ACTIVITY: Beneath this line sits some data. Return only its lines from the one holding "Kill | 22.08 % |" through the one holding "Vintage Black Onyx", inclusive, exactly, with the images removed.

══ RECORDED INFORMATION

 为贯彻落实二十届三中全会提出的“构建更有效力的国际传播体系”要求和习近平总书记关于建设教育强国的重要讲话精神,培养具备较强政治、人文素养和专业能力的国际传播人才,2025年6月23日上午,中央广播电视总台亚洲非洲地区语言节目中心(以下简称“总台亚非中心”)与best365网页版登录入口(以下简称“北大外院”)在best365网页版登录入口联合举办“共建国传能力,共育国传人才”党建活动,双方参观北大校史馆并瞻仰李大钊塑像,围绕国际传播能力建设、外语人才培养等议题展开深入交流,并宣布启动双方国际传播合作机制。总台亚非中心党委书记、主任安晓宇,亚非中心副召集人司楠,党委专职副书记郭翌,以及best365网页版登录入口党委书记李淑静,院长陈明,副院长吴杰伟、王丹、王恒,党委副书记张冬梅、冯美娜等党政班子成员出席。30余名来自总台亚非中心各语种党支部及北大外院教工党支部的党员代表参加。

════
══ RECORDED INFORMATION

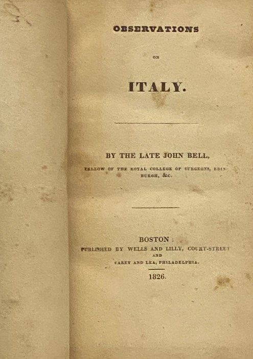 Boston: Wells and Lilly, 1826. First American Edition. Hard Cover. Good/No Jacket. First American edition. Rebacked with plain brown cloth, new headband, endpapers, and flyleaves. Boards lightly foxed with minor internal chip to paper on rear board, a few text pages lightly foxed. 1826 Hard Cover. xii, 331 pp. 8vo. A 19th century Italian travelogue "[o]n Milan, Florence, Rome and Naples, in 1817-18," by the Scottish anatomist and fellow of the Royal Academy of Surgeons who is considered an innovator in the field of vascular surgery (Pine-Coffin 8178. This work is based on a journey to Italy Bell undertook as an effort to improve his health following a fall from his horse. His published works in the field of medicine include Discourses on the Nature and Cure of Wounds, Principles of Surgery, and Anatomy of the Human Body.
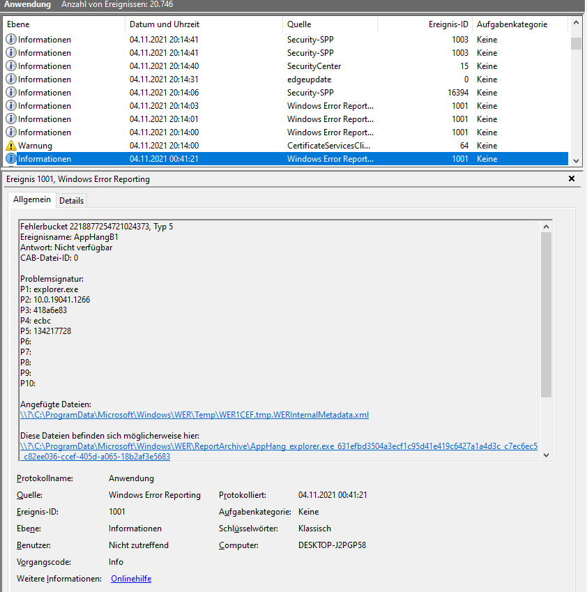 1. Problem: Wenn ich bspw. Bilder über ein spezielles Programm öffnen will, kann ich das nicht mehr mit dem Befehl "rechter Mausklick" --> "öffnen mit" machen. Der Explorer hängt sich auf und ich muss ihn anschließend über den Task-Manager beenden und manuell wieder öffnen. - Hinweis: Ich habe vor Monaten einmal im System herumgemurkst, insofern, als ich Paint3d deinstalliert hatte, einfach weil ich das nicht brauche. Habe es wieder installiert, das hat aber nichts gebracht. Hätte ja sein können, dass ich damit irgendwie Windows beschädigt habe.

════
══ RECORDED INFORMATION

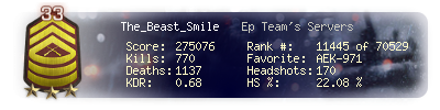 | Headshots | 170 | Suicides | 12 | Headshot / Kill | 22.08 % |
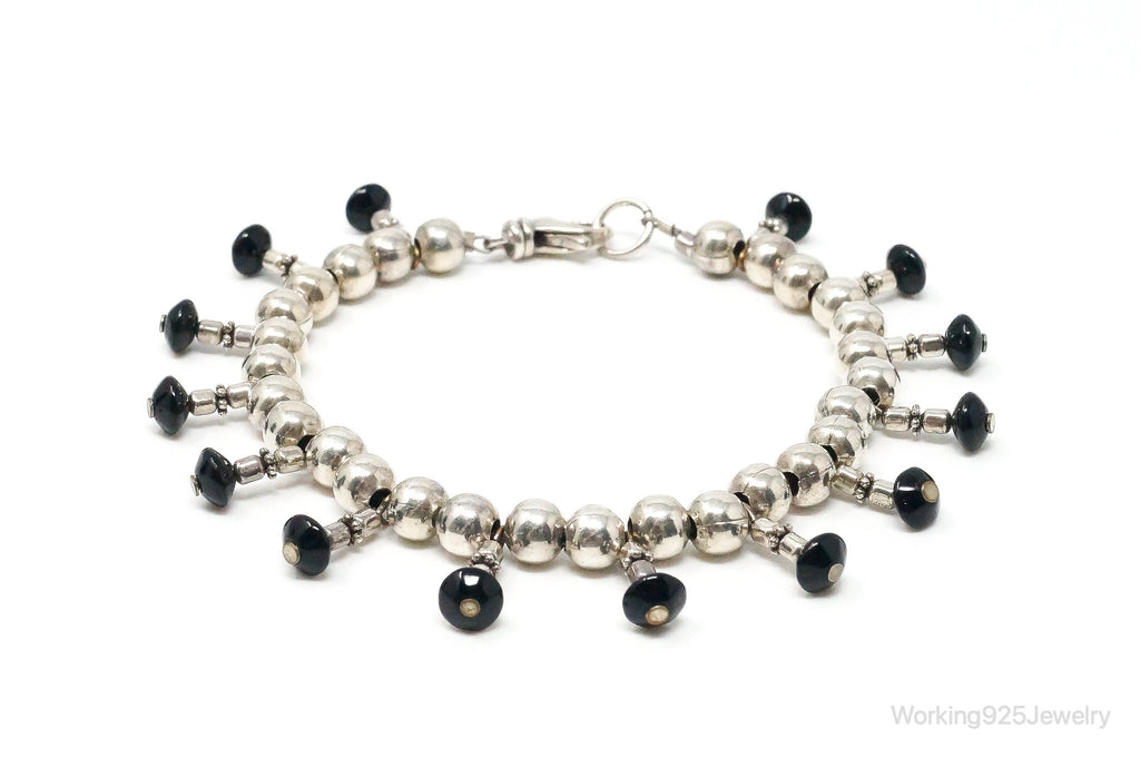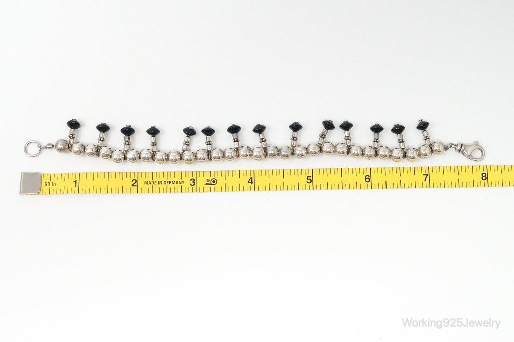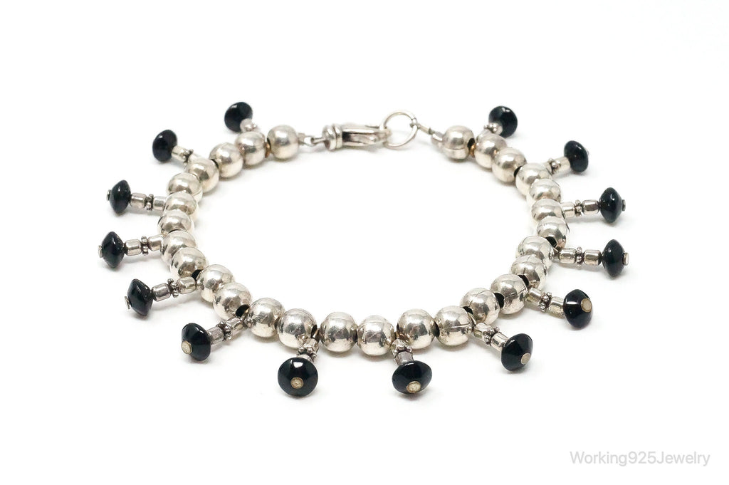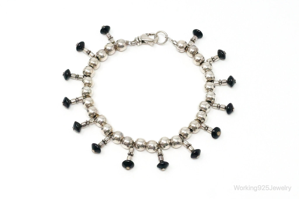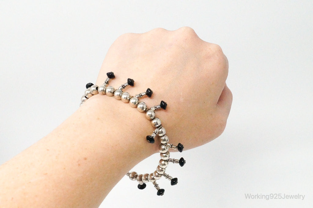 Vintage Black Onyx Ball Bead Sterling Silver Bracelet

════

TASK RESULT:
 | Headshots | 170 | Suicides | 12 | Headshot / Kill | 22.08 % |
 Vintage Black Onyx Ball Bead Sterling Silver Bracelet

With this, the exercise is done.